Vragen over de inhoud van het filmpje
1. Wat wordt er bedoeld met 'zelfmanagement' in de zorg?
Zelfmanagement betekent dat iemand met een (chronische) aandoening zelf actief betrokken is bij het omgaan met zijn ziekte, behandeling, symptomen, leefstijl en de psychologische gevolgen daarvan. Het draait om het maken van keuzes en het nemen van verantwoordelijkheid voor de eigen gezondheid.
2. Waarom is zelfmanagement belangrijk voor mensen met een chronische aandoening?
Omdat zij vaak langdurig of levenslang met hun aandoening moeten leren omgaan. Zelfmanagement helpt hen om beter grip te krijgen op hun dagelijks leven, om complicaties te voorkomen en om de kwaliteit van leven te verbeteren. Het geeft hen meer autonomie en controle.
3. Noem drie taken die iemand met een chronische aandoening zelf kan uitvoeren.
Medicatie op de juiste manier en op tijd innemen
Gezonde leefstijl aanhouden (zoals voeding, beweging, stoppen met roken)
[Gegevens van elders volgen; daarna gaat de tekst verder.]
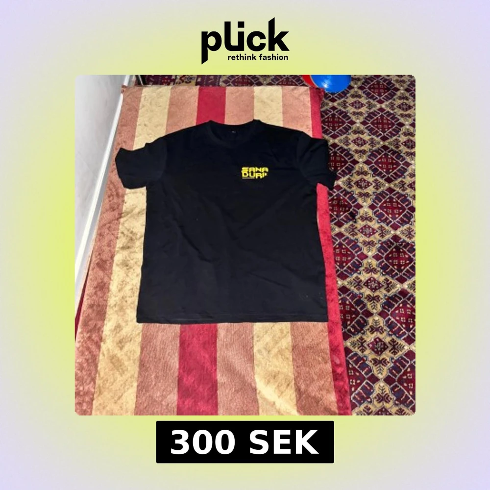 Svart t-shirt med coolt och färgglatt tryck på ryggen med svamp, öga och texten Sana Duri. Liten gul logga på bröstet. Perfekt för dig som gillar unika och kreativa plagg.
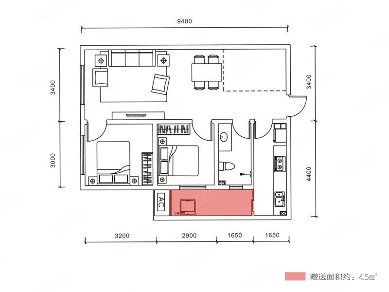 2 室 2 厅 1 卫
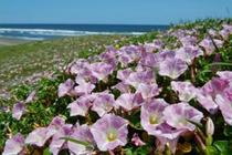 5月中旬から6月上旬にかけて、白子の海岸線一帯にピンクのハマヒルガオが風に揺らいで一斉に咲き始めます。 この時期は海岸を散歩するには最高の時期です。
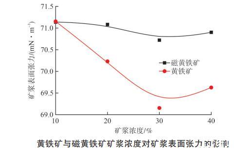 將粒度-0.074 mm的黃鐵礦與磁黃鐵礦配制成不同濃度的礦漿,考察礦漿濃度對礦漿表面張力的影響。

Signaleren van symptomen of verslechtering en daarop actie ondernemen
4. Wat is het verschil tussen zelfredzaamheid en zelfmanagement?
Zelfredzaamheid gaat over het zelfstandig kunnen uitvoeren van dagelijkse handelingen zoals wassen, aankleden, boodschappen doen.
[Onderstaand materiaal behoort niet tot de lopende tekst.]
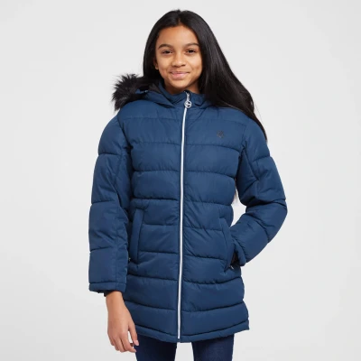 The taped seams, water-repellent finish and Dare 2b's Ared 8000 fabric will keep your little ones warm and dry in a sudden downpour or drizzle. The jacket is lined with high warmth padding making sure your kids are kept warm and comfortable. The hood comes with a detachable faux fur trim which makes for easy washing. Engineered with Dare 2b's Ared 8000 fabric - providing durable waterproofness Recycled high warmth padding Metal luxe badge & zip pullers embellished with Swarovski crystals age 9+ Fixed adjustable hood with detachable faux fur trim 2 x lower zip pockets Material: 100% polyester (15 bottles were recycled to make this jacket) Colour: Navy

Zelfmanagement gaat dieper en richt zich op het omgaan met een ziekte of aandoening: beslissingen nemen, symptomen monitoren, en gedrag aanpassen.
Kortom: zelfredzaamheid = doen, zelfmanagement = denken en regie voeren.
5. Waarom is het belangrijk dat zorgverleners zelfmanagement ondersteunen?
Omdat patiënten dan beter in staat zijn om met hun aandoening om te gaan. Goede ondersteuning leidt tot betere behandelresultaten, minder ziekenhuisopnames en hogere tevredenheid. Zorgverleners kunnen motiveren, voorlichten en samen doelen stellen.
📌 Vragen over het toepassen van kennis
1. Kun je een voorbeeld geven van een situatie waarin zelfmanagement belangrijk is?
Een patiënt met diabetes type 2 moet dagelijks zelf zijn bloedsuiker meten, letten op voeding, beweging en op tijd insuline spuiten. Goed zelfmanagement voorkomt complicaties zoals neuropathie of nierfalen.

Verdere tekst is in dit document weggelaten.